MATERIAL TO PROCESS:
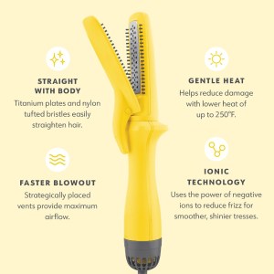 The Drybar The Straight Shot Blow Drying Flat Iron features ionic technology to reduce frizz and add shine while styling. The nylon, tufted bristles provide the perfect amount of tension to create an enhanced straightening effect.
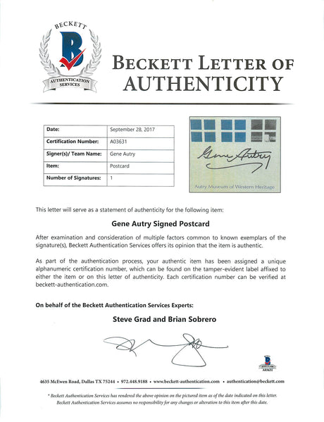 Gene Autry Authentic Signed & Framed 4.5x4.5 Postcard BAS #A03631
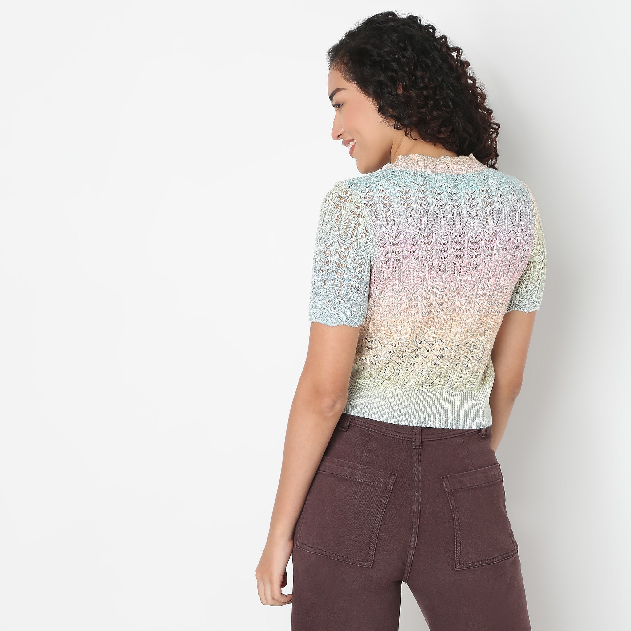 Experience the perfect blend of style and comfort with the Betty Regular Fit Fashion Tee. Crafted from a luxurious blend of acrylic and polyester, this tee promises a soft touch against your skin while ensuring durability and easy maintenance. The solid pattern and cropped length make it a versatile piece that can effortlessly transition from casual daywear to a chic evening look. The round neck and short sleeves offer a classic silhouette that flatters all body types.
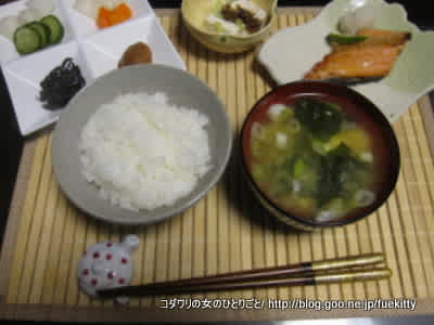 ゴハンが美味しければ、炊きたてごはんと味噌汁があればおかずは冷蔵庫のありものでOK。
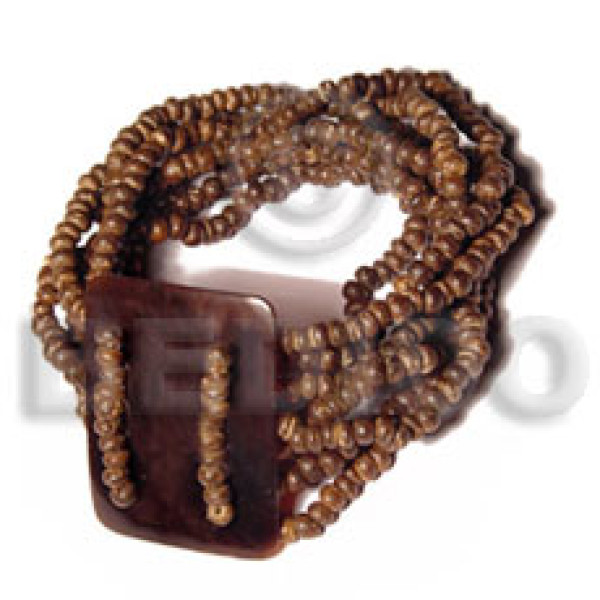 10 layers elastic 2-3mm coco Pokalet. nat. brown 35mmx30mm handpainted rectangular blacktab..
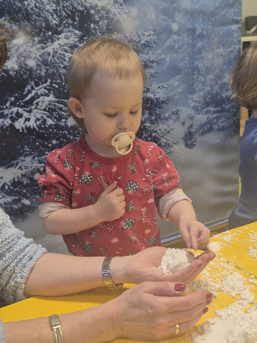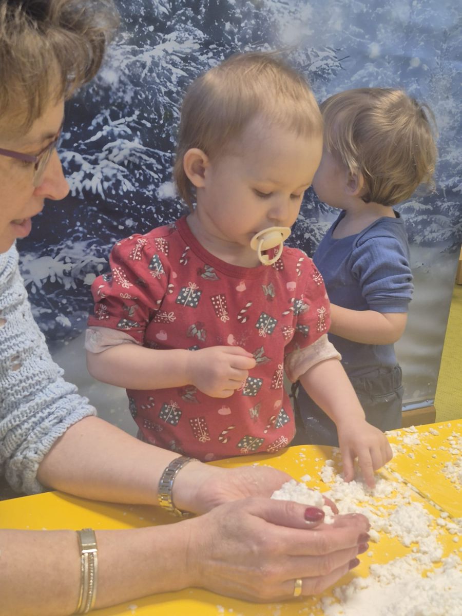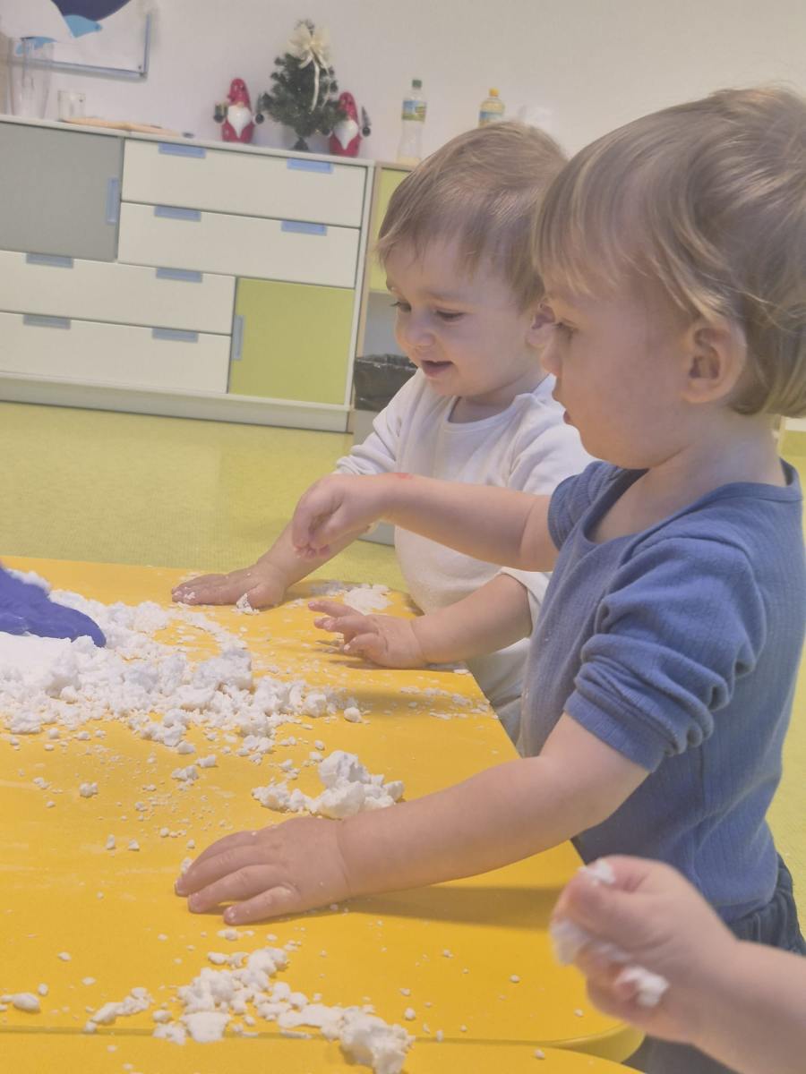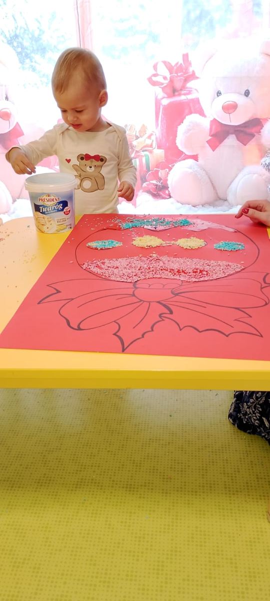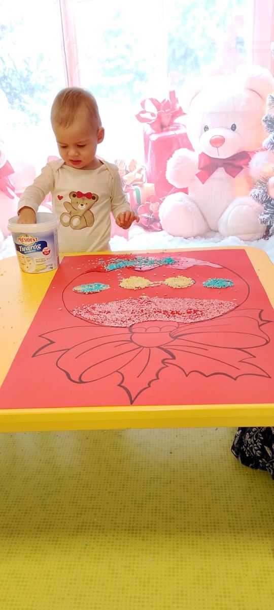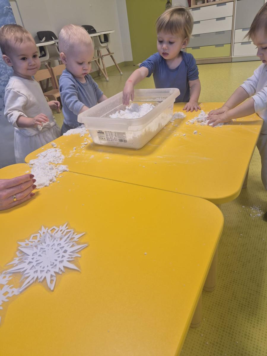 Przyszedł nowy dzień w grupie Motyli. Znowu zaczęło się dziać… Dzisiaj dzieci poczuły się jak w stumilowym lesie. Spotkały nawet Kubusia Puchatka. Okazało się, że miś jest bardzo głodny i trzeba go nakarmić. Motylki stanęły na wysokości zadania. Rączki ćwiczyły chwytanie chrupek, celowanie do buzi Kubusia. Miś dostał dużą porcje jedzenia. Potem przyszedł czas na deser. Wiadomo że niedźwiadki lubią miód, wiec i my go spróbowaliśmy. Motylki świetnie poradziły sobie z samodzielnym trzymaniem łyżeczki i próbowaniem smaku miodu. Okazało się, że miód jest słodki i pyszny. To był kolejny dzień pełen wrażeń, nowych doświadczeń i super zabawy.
---
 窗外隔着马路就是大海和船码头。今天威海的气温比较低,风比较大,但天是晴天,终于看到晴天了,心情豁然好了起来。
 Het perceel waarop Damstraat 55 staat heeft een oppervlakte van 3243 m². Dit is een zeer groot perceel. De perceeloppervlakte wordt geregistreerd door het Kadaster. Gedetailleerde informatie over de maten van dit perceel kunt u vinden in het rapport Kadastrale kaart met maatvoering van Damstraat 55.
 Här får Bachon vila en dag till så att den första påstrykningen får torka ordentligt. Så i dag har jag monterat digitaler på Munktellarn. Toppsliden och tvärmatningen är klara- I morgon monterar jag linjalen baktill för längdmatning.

ASSIGNMENT:
From the line containing "The Drybar The" through the line containing "10 layers elastic", copy every line above exactly, without pictures.

FINISHED TASK:
 The Drybar The Straight Shot Blow Drying Flat Iron features ionic technology to reduce frizz and add shine while styling. The nylon, tufted bristles provide the perfect amount of tension to create an enhanced straightening effect.
 Gene Autry Authentic Signed & Framed 4.5x4.5 Postcard BAS #A03631
 Experience the perfect blend of style and comfort with the Betty Regular Fit Fashion Tee. Crafted from a luxurious blend of acrylic and polyester, this tee promises a soft touch against your skin while ensuring durability and easy maintenance. The solid pattern and cropped length make it a versatile piece that can effortlessly transition from casual daywear to a chic evening look. The round neck and short sleeves offer a classic silhouette that flatters all body types.
 ゴハンが美味しければ、炊きたてごはんと味噌汁があればおかずは冷蔵庫のありものでOK。
 10 layers elastic 2-3mm coco Pokalet. nat. brown 35mmx30mm handpainted rectangular blacktab..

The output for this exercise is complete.